The board may designate other food items that may not be infused with marijuana.
(13) Marijuana processor licensees are allowed to have a maximum of six months of their average useable marijuana and six months average of their total production on their licensed premises at any time.
(14) Processing service arrangements. A processing service arrangement is when one processor (processor B) processes useable marijuana or an altered form of useable marijuana (marijuana product) for another licensed processor (processor A) for a fee.
(a) Processor A is the product owner. However, processor B may handle the product under its license as provided in chapter 69.50
RCW and this chapter. Processor B is not allowed to transfer the product to a retailer and may only possess marijuana or marijuana products received from processor A for the limited purposes of processing it for ultimate transfer back to processor A.
(b) Processing service arrangements must be made on a cash basis only as provided in WAC 314-55-115 and payment for the service and return of the processed product must be made within thirty calendar days of delivery to processor B. Failure to do so as provided by the preceding sentence is a violation of this section and any marijuana or marijuana product involved in the transaction will be subject to seizure and destruction. Payment with any marijuana products, barter, trade, or compensation in any form other than cash for processing service arrangements is prohibited under processing service arrangements.
(c) Each processor that enters into a processing service arrangement must include records for each service arrangement in recordkeeping documents which must be maintained consistent with this chapter.
(15) Marijuana may not be returned by any retail licensee to any processor except as provided in this section.
(a) Every processor must maintain on the licensed premises for a period of five years complete records of all refunds and exchanges made under this section including an inventory of marijuana and marijuana products returned to the processor by any retail licensee.
(b) Marijuana may be returned by a retail licensee in the event a retailer goes out of the business of selling marijuana at retail and a cash refund, as defined by WAC 314-55-115, may be made upon the return of the marijuana or marijuana products, so long as WSLCB approval is acquired prior to returns and refunds under this subsection.

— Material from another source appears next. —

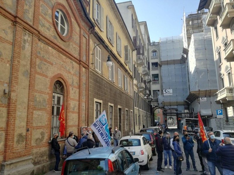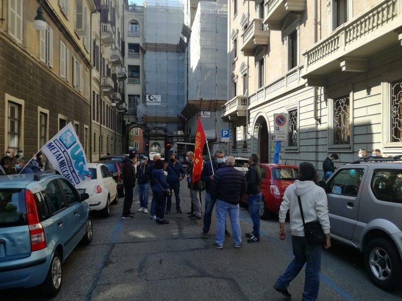 Questa mattina via Perrone, nel breve tratto tra via Bertola e via Cernaia, è un'area blindata: chiusa dai due lati, dalle forze dell'ordine. Nel mezzo, sotto le finestre dello studio della curatela fallimentare, decine degli operai ex Embraco che vedono avvicinarsi (il 25 aprile) la fine più triste di una vicenda che ormai lo vede coinvolti da oltre tre anni e mezzo.

(c) Marijuana products different from that ordered by a retailer and delivered to the retailer may be returned to a processor and either replaced with marijuana products which were ordered or a cash refund, as defined by WAC 314-55-115, may be made. These incorrect orders must be discovered and corrected within eight days of the date the delivery was made to be eligible for returns and refunds under this subsection.
(d) A marijuana processor may accept returns of products and sample jars from marijuana retailers for destruction, but is not required to provide refunds to the retailer. It is the responsibility of the retailer to ensure the product or sample jar is returned to the processor.
(16) The board may take disciplinary action against any marijuana processor that fails to comply with the provisions of WAC 314-55-1065.